TO DO — From the records below, copy out exactly the lines from the one containing "The Turtle Wax" to the one containing "Collected from various", both included. Add nothing else.

TASK INPUTS —
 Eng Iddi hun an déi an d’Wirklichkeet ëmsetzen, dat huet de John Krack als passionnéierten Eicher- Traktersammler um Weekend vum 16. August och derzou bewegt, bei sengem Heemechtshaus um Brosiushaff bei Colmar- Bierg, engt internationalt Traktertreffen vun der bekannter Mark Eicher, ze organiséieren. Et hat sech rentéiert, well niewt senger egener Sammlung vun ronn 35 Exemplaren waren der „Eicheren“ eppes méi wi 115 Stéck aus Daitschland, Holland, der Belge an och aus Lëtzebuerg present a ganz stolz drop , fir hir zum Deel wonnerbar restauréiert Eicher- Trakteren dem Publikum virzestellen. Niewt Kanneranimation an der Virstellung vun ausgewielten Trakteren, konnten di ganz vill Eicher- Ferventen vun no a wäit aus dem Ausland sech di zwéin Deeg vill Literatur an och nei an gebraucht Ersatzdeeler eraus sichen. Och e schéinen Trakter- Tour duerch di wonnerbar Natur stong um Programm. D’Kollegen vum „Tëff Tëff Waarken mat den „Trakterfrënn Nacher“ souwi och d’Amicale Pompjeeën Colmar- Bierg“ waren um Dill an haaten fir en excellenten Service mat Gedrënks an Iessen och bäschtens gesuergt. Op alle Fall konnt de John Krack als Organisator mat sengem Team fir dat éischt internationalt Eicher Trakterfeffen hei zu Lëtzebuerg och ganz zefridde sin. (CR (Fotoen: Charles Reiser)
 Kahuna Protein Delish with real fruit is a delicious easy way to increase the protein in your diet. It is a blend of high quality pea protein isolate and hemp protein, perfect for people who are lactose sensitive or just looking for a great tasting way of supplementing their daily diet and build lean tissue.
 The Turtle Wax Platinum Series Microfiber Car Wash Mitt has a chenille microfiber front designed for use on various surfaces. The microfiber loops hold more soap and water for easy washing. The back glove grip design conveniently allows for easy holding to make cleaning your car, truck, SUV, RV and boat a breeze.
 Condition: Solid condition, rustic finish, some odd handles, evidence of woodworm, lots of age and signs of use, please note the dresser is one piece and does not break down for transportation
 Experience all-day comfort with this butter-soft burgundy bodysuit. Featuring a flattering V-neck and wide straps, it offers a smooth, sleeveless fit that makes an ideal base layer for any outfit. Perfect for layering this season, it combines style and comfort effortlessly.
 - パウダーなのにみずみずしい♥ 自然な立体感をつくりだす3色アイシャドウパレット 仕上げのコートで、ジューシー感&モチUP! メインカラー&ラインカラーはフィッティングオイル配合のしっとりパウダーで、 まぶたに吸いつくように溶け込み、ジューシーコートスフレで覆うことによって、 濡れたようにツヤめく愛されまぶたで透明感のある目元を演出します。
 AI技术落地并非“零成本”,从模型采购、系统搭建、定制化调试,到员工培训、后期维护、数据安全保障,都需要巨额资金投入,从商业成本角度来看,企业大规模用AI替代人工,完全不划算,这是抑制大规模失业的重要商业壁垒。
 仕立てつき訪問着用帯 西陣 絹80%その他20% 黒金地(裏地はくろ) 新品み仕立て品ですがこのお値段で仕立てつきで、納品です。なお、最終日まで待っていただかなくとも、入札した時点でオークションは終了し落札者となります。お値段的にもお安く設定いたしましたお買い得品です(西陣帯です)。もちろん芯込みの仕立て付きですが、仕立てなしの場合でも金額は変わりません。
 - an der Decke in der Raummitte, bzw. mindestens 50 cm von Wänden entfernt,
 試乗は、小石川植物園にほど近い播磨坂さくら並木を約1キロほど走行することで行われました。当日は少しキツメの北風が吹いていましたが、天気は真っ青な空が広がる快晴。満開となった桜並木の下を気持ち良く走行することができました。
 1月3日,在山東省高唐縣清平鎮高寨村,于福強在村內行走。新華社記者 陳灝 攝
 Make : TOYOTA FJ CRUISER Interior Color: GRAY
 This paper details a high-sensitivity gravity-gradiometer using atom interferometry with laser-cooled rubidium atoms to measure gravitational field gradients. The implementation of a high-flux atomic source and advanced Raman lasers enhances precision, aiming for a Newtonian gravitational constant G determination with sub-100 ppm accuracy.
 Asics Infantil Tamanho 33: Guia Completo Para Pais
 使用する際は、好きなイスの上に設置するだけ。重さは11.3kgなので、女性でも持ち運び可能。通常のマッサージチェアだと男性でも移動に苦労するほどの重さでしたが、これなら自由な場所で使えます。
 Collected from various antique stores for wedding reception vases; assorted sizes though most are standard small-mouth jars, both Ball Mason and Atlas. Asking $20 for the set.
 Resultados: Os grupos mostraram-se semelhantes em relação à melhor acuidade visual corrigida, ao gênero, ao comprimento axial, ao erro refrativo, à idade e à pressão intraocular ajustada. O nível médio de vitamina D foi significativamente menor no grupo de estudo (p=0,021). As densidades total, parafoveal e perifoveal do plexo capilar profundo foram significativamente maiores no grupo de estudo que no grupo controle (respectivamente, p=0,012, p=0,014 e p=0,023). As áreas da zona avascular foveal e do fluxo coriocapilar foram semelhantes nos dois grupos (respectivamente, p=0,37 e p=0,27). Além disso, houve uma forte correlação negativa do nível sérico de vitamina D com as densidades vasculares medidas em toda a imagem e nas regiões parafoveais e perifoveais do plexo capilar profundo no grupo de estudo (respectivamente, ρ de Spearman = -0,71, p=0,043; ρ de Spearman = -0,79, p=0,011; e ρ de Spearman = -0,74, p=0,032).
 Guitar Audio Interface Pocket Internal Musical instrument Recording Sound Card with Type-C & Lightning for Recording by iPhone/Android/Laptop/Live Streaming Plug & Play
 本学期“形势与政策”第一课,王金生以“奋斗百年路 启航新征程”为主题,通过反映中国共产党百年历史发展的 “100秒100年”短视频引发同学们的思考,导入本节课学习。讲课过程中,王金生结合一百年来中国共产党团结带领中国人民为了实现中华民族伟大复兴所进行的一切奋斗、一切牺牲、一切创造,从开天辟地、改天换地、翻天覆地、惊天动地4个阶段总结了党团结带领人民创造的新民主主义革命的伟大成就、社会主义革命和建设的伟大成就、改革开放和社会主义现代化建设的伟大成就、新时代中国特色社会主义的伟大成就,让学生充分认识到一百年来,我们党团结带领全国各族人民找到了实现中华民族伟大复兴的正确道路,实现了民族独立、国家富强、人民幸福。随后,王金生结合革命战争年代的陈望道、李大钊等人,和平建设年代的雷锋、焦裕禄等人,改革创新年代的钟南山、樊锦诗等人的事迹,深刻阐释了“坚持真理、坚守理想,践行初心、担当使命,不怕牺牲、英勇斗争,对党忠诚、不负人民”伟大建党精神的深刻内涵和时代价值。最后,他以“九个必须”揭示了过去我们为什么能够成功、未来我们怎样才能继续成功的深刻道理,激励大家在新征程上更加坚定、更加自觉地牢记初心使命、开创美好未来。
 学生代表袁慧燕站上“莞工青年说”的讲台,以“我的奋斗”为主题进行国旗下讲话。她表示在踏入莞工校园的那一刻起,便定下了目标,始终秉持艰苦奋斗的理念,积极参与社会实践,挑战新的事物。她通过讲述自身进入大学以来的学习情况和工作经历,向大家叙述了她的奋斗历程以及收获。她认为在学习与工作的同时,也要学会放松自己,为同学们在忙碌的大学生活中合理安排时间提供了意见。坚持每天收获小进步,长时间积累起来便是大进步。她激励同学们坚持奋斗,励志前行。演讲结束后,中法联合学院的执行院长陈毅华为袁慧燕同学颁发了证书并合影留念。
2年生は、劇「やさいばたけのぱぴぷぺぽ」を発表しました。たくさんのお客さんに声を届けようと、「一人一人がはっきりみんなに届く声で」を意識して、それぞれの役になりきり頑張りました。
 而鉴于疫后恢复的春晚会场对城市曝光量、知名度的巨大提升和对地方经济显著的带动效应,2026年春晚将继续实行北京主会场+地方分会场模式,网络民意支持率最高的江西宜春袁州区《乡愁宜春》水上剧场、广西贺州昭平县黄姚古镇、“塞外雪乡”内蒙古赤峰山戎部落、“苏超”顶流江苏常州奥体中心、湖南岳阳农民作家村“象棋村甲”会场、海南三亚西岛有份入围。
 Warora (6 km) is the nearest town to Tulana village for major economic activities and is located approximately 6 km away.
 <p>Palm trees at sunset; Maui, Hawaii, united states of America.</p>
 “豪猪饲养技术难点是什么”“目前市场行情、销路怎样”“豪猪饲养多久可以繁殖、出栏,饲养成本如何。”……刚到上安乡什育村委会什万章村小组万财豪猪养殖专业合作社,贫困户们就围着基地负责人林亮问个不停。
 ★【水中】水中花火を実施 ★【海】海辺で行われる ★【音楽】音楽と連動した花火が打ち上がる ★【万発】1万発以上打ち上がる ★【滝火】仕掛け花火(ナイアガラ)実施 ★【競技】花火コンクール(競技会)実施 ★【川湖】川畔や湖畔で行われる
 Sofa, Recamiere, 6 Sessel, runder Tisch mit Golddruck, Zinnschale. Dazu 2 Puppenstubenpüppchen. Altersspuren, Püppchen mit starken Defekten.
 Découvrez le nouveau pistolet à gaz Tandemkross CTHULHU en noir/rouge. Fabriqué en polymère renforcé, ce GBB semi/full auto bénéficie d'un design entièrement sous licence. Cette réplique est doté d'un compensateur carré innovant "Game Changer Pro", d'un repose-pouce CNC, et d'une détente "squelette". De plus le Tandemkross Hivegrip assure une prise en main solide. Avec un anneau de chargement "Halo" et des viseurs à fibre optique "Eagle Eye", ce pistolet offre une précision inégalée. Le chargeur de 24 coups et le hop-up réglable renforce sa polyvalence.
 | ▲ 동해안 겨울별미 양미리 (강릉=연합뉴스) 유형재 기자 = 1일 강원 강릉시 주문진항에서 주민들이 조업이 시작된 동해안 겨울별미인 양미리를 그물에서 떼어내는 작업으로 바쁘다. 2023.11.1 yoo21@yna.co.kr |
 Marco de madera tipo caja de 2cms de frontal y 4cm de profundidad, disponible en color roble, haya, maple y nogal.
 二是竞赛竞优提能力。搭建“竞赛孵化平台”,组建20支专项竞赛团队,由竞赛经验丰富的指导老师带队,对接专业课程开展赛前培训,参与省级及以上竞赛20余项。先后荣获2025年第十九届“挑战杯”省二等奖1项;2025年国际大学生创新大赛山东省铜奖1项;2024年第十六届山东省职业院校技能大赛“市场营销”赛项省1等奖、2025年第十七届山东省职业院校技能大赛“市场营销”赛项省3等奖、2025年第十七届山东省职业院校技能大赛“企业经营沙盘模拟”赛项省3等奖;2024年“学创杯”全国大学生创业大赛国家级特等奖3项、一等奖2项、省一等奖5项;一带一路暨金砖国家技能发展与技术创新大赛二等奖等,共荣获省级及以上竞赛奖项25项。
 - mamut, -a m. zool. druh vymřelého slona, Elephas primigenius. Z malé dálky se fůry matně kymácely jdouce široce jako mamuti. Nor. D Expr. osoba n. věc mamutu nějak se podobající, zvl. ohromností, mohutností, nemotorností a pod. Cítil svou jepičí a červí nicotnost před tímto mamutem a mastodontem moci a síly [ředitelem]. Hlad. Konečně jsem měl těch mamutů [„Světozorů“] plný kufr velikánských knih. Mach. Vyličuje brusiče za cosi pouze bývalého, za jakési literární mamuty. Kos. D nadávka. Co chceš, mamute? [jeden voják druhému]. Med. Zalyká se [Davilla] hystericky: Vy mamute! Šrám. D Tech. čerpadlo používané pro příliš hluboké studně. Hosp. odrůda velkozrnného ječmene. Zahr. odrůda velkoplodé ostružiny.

WORKED SOLUTION —
 The Turtle Wax Platinum Series Microfiber Car Wash Mitt has a chenille microfiber front designed for use on various surfaces. The microfiber loops hold more soap and water for easy washing. The back glove grip design conveniently allows for easy holding to make cleaning your car, truck, SUV, RV and boat a breeze.
 Condition: Solid condition, rustic finish, some odd handles, evidence of woodworm, lots of age and signs of use, please note the dresser is one piece and does not break down for transportation
 Experience all-day comfort with this butter-soft burgundy bodysuit. Featuring a flattering V-neck and wide straps, it offers a smooth, sleeveless fit that makes an ideal base layer for any outfit. Perfect for layering this season, it combines style and comfort effortlessly.
 - パウダーなのにみずみずしい♥ 自然な立体感をつくりだす3色アイシャドウパレット 仕上げのコートで、ジューシー感&モチUP! メインカラー&ラインカラーはフィッティングオイル配合のしっとりパウダーで、 まぶたに吸いつくように溶け込み、ジューシーコートスフレで覆うことによって、 濡れたようにツヤめく愛されまぶたで透明感のある目元を演出します。
 AI技术落地并非“零成本”,从模型采购、系统搭建、定制化调试,到员工培训、后期维护、数据安全保障,都需要巨额资金投入,从商业成本角度来看,企业大规模用AI替代人工,完全不划算,这是抑制大规模失业的重要商业壁垒。
 仕立てつき訪問着用帯 西陣 絹80%その他20% 黒金地(裏地はくろ) 新品み仕立て品ですがこのお値段で仕立てつきで、納品です。なお、最終日まで待っていただかなくとも、入札した時点でオークションは終了し落札者となります。お値段的にもお安く設定いたしましたお買い得品です(西陣帯です)。もちろん芯込みの仕立て付きですが、仕立てなしの場合でも金額は変わりません。
 - an der Decke in der Raummitte, bzw. mindestens 50 cm von Wänden entfernt,
 試乗は、小石川植物園にほど近い播磨坂さくら並木を約1キロほど走行することで行われました。当日は少しキツメの北風が吹いていましたが、天気は真っ青な空が広がる快晴。満開となった桜並木の下を気持ち良く走行することができました。
 1月3日,在山東省高唐縣清平鎮高寨村,于福強在村內行走。新華社記者 陳灝 攝
 Make : TOYOTA FJ CRUISER Interior Color: GRAY
 This paper details a high-sensitivity gravity-gradiometer using atom interferometry with laser-cooled rubidium atoms to measure gravitational field gradients. The implementation of a high-flux atomic source and advanced Raman lasers enhances precision, aiming for a Newtonian gravitational constant G determination with sub-100 ppm accuracy.
 Asics Infantil Tamanho 33: Guia Completo Para Pais
 使用する際は、好きなイスの上に設置するだけ。重さは11.3kgなので、女性でも持ち運び可能。通常のマッサージチェアだと男性でも移動に苦労するほどの重さでしたが、これなら自由な場所で使えます。
 Collected from various antique stores for wedding reception vases; assorted sizes though most are standard small-mouth jars, both Ball Mason and Atlas. Asking $20 for the set.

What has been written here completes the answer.